:: WHAT YOU ARE ASKED TO DO ::
Write the entries out again exactly as they stand, but without the pictures.

:: DATA ::
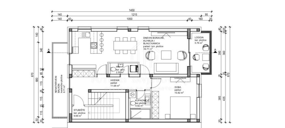 Ovu etažu dodatno obogaćuju loggia površine 5,76 m² i nenatkriveni balkon površine 8,71 m², koji prostoru daju dodatnu prozračnost i prirodno svjetlo te omogućuju boravak na otvorenom.
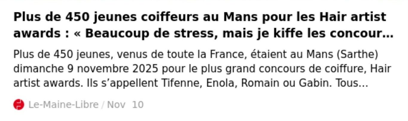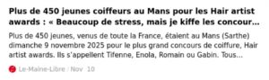 ARTICLES EDF NEW SITE – Presse_Le Maine Libre – Hair Artist Awards 2025Par Raphaël Perrier / 26 novembre 2025
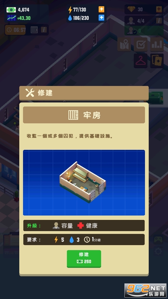 建设监狱,为狱警提供安全装备,改善牢房,满足囚犯的基本需求。每一个选择都会对你的监狱产生影响。狱长的价值是什么?当然是改造囚犯!!
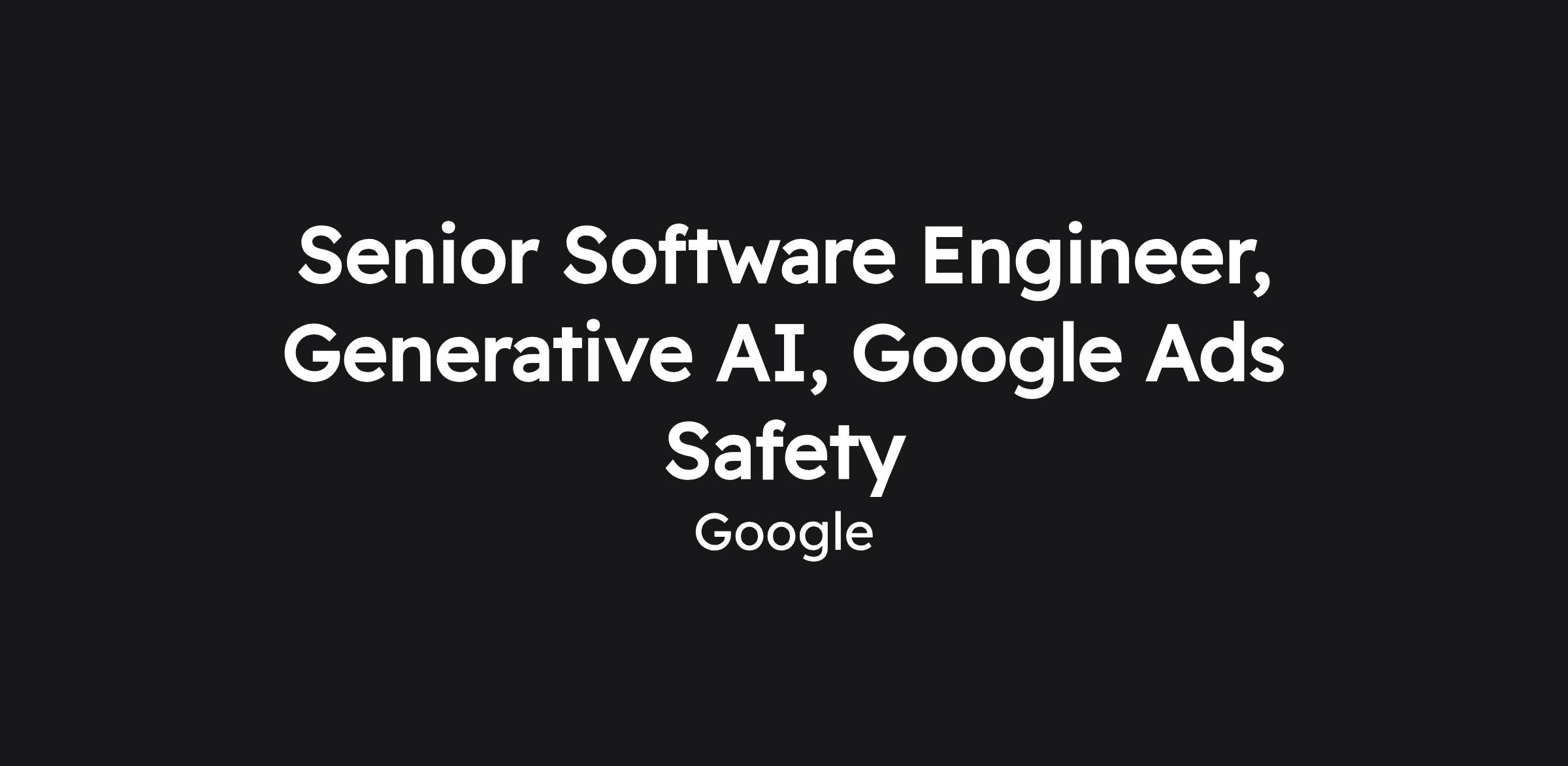Senior Software Engineer, Generative AI, Google Ads Safety
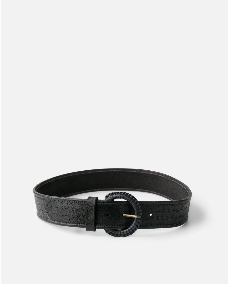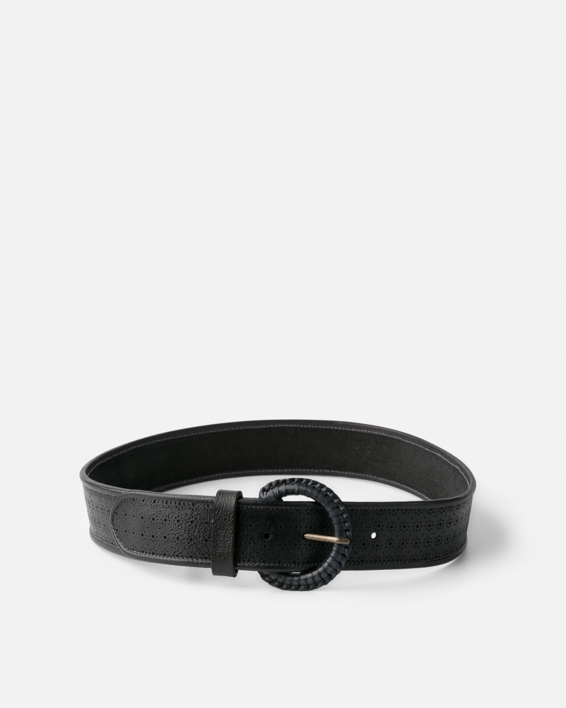 Cinturó de pell bovina. Troquelat floral. 5 cm d'amplada. Cargol posterior per tallar-lo manualment. Sivella forrada en pell.
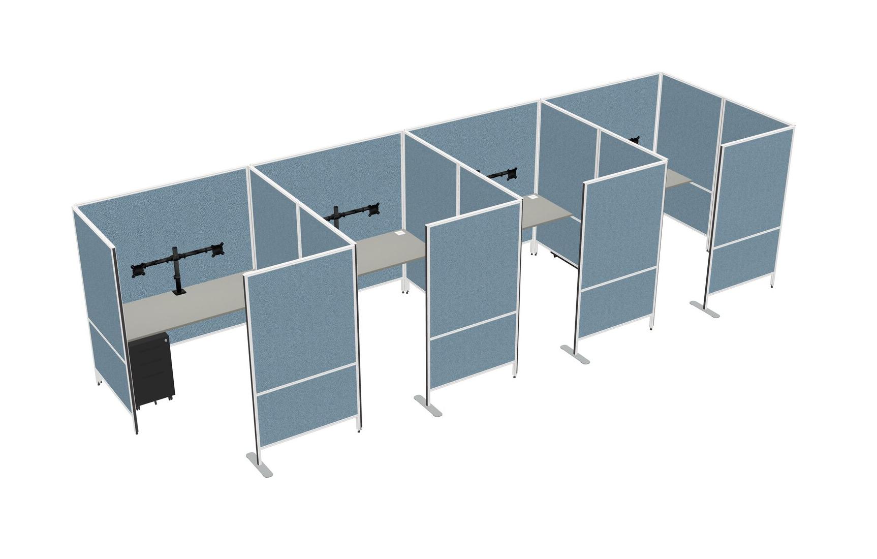 Système De Panneaux Flexibles Grey Shadows Avec Intimité Pour 4 Personnes + Tiroirs Mobiles En Métal + Bras D'écran (bras Doubles)

:: ANSWER SECTION ::
 Ovu etažu dodatno obogaćuju loggia površine 5,76 m² i nenatkriveni balkon površine 8,71 m², koji prostoru daju dodatnu prozračnost i prirodno svjetlo te omogućuju boravak na otvorenom.
 ARTICLES EDF NEW SITE – Presse_Le Maine Libre – Hair Artist Awards 2025Par Raphaël Perrier / 26 novembre 2025
 建设监狱,为狱警提供安全装备,改善牢房,满足囚犯的基本需求。每一个选择都会对你的监狱产生影响。狱长的价值是什么?当然是改造囚犯!!
Senior Software Engineer, Generative AI, Google Ads Safety
 Cinturó de pell bovina. Troquelat floral. 5 cm d'amplada. Cargol posterior per tallar-lo manualment. Sivella forrada en pell.
 Système De Panneaux Flexibles Grey Shadows Avec Intimité Pour 4 Personnes + Tiroirs Mobiles En Métal + Bras D'écran (bras Doubles)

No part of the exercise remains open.